Looking over the car initially, I noted the following:

- New shocks all around, with KYB's in the rear and Sachs in the front, though the front shock mounts have cracked quite a bit from the car sitting.
- New control arms in the front
- Control arm bushings look to be not great
- Driveshaft has been rebuilt by a good local driveshaft shop
- Trans mounts are collapsed and cracking apart
- Brake pads and rotors appear to be relatively new, though a bit rusty from sitting.
- AC compressor has no belt and no lines going to it, because somebody was previously in the process of removing the AC system... you know, because racecar.
- It has the later M44 electric fan retrofitted in place of the mechanical clutch fan, a nice touch.
- It has a 4.44 LSD, which is absolutely insane and utterly useless on the highway, so I'll definitely be replacing that pretty soon.

Upon the initial test drive, the car started overheating in less than a mile, that's a good sign, right? I pulled over and let it cool off before driving it back to my friend's house where I assessed the cooling system. It never got past 3/4 so I wasn't too worried. I noted that the upper radiator hose felt cool to the touch while everything else was quite hot, so there was probably some blockage in the system.

Scrounging together parts at my friend's house, we found a new-in-box M44 water pump from his last E36 318i, a good used thermostat from an M50 car, and some RTV. Along with some basic hand tools, we had enough to fix the car right then and there.

Removing the upper hose from the thermostat housing, I immediately found the problem:

Both the upper hose and the thermostat housing outlet were blocked solid with chunky, crystallized coolant.
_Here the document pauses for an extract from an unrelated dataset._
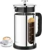 Cafetera de Prensa Francesa de Acero Inoxidable 304 con 4 Filtros, Resistente al Calor Duradera, Fácil de Limpiar, Prensa de Café de Vidrio de Borosilicato, Tetera 100% Libre de BPA, Plata

The coolant was pink because the car had been worked on by a VW shop. It was actually kind of a relief to find something so obviously wrong.

After removing the thermostat housing, I was happy to see that the coolant blockage was only on one outlet, and that the thermostat itself looked fine. I pulled the thermostat out anyways, just to check behind it, and it was just normal clean coolant back there.

The water pump fought me quite a bit coming out, and a piece of it actually broke off because of how crusted up it was... but eventually after some rubber mallet action I was able to get the crusty old water pump out.

Everything went back together without any drama, and I filled the system with distilled water and some cheap blue coolant I bought at Walmart. It'll need a proper flush in the future anyways to get the pink crap out, but I just needed it to work for a bit. The heat worked great in the car, and the cooling system was able to be bled without any issues. The electric fan worked correctly as well, turning on the low and high speeds accordingly. With everything done, the coolant temp gauge now sits at a hair under middle, which is fine by me.

Driving the car 25 miles to my shop, I realized just how awful that 4.44 diff is... the RPM's are insane even at normal cruising speeds (75-80).

Aside from the diff nonsense, the car drove great, with the M42 pulling hard and the transmission shifting super smoothly. It's such a light little car, I can't wait to drive it more once it's a bit more sorted.